Erstmal hältst du dich an die Netiquette, dann reden wir weiter... Und *NEIN*, da kann man nicht dran rumlamentieren!


----------



## hildesheimer (1. September 2004)

*Re oidentd*

Zunächst einmal werd ich mich kurz vorstellen da ich "nagelneu" hier bin. Kurzform:  Männlich, 47 betagte Jahre, Betreuer einer kleinen Community, zu Dos Zeiten mit Compis grossgeworden. Bin auch durch google auf dieses Forum aufmerksam geworden, da ich ähnliche Probleme mit oidentd habe.

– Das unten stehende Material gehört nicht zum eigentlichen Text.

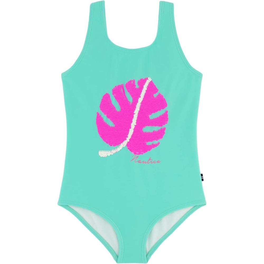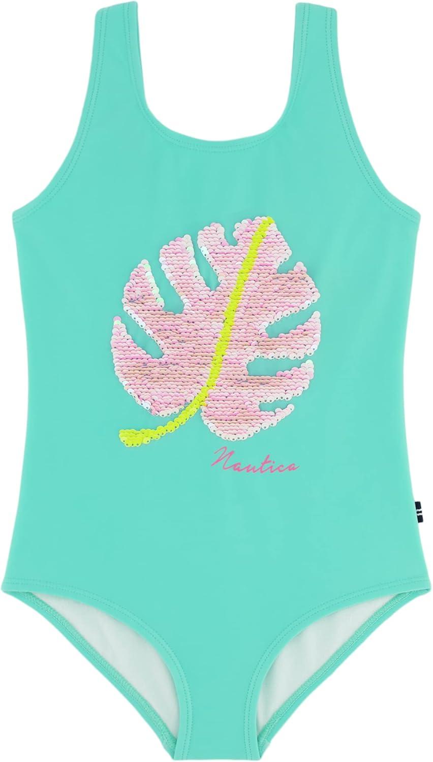 Nautica Girls One-Piece Swimsuit with UPF 50+ Sun Protection, Quick Drying Bathing Suit(Cockatoo Palm)
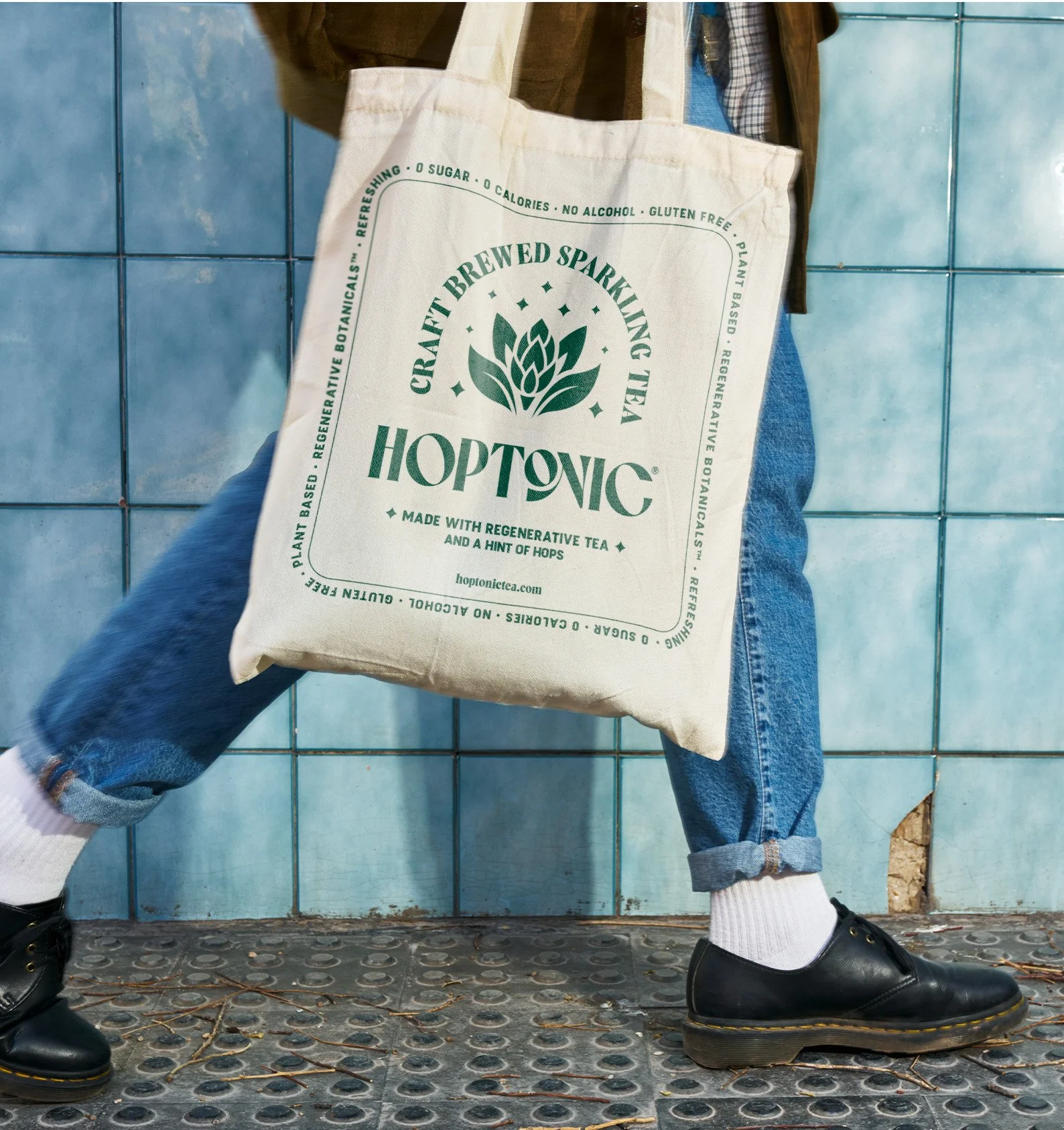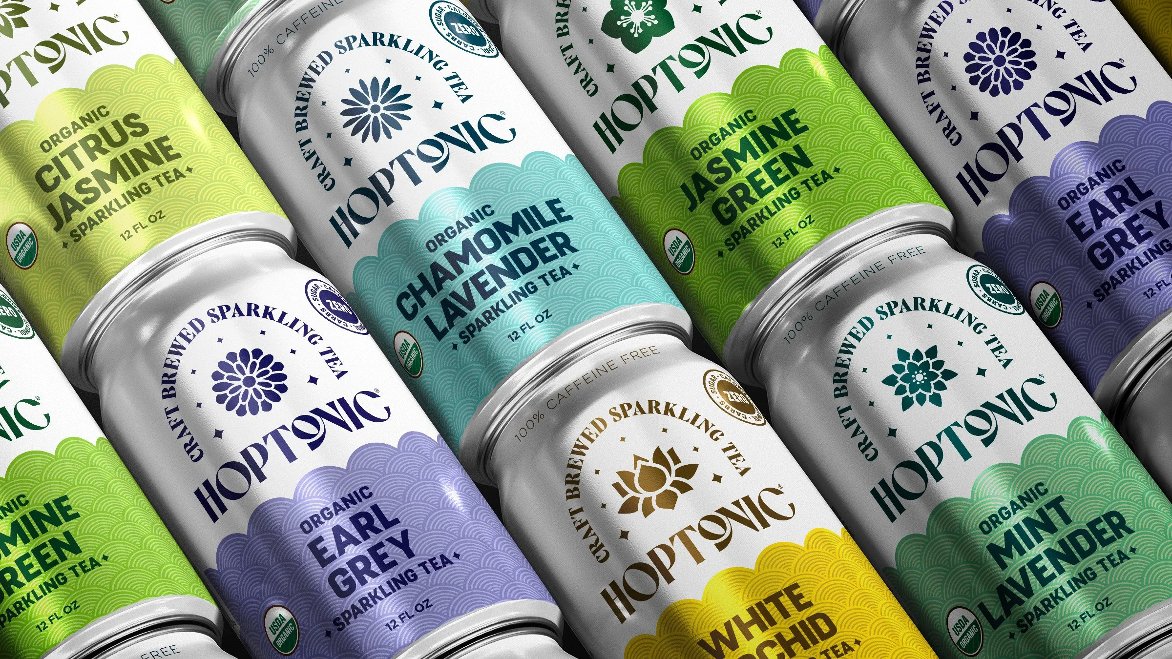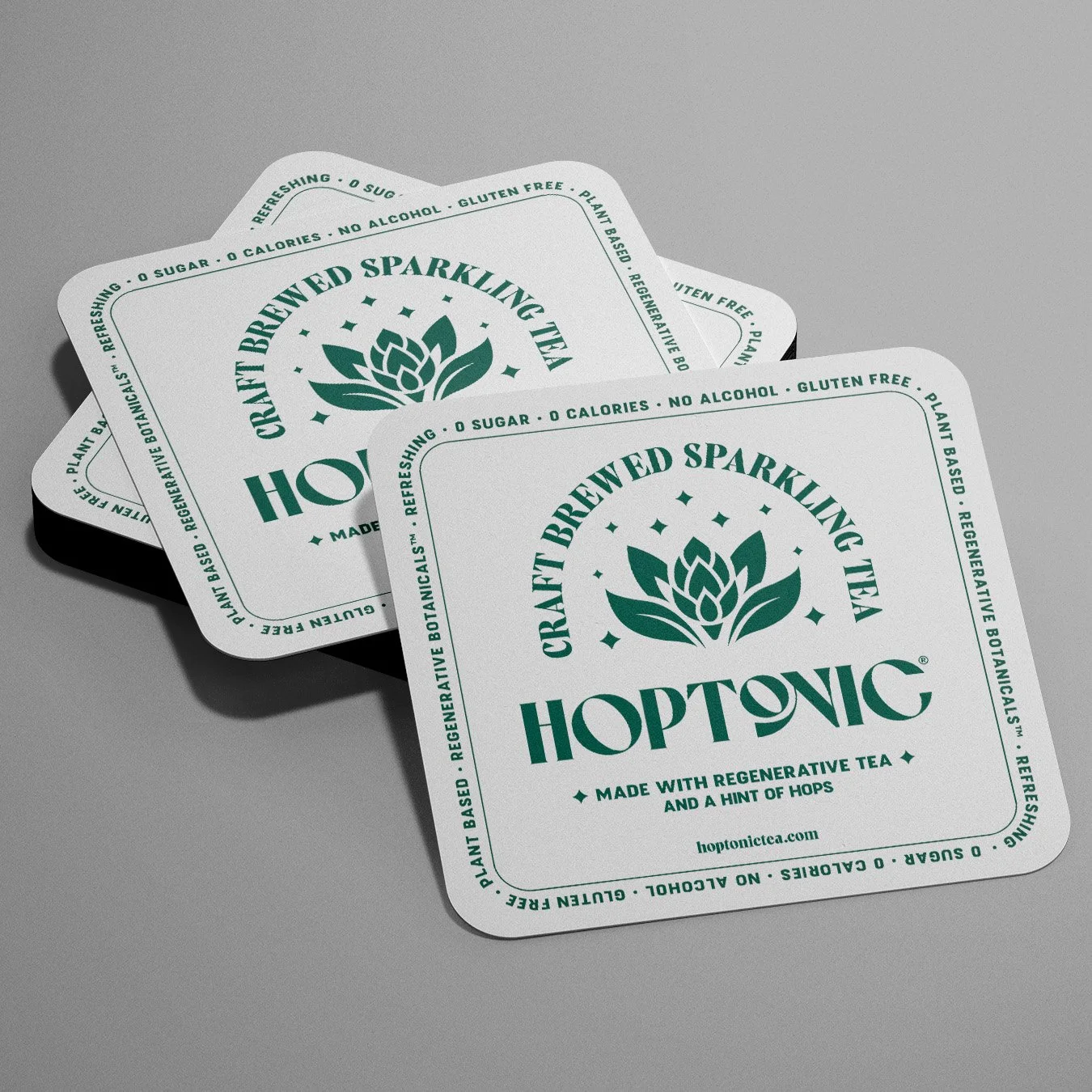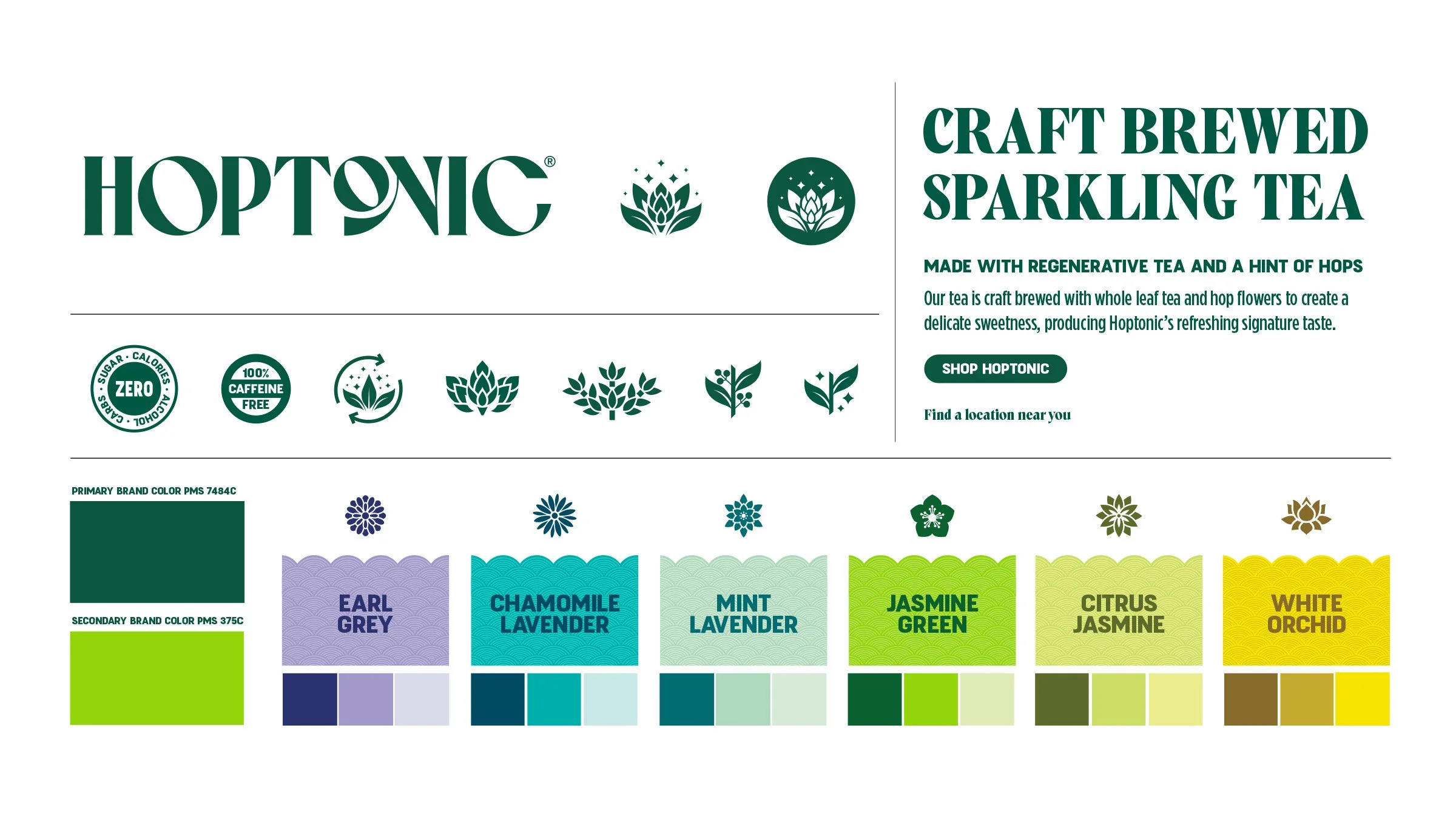 Hoptonic is an innovative brand offering a unique beverage experience: craft brewed sparkling tea with delicate hints of hops. This refreshing blend bridges traditional teas and modern craft beverages. Our custom wordmark reflects Hoptonic’s elegance and modernity, while the brand icon embodies the essence of Hoptonic. Featuring blooming tea leaves wrapping around a hoppy bud with effervescent sparkles, the icon symbolizes the harmonious blend of our botanical ingredients.

Eigentlich ging alles darum für unserer "Jugend" (Online Gamer) preiswert einen Gameserver zu betreiben. Nach 2 langen Jahren und jeder Menge Erfahrung mit Gameserver Anbieter, haben wir nun einen Rootserver von Strato auf dem auch schon 3 Gameserver, die HP und andere Dinge laufen. (suse 9,1) Nun wollte auch die BNC, die wir derzeit noch gemietet haben, auf unseren Root einrichten. Gesagt, getan, psybnc läuft ohne Probleme aber nur mit 5 Slots. Quakenet machte mir klar das wir einen Trust beantragen müssen. Status: Formular ausgefüllt für 50 Stück und abgeschicht. Rückmeldung: Status: Bad Request
Reason:
You are required to run an IDENT (AUTH) service.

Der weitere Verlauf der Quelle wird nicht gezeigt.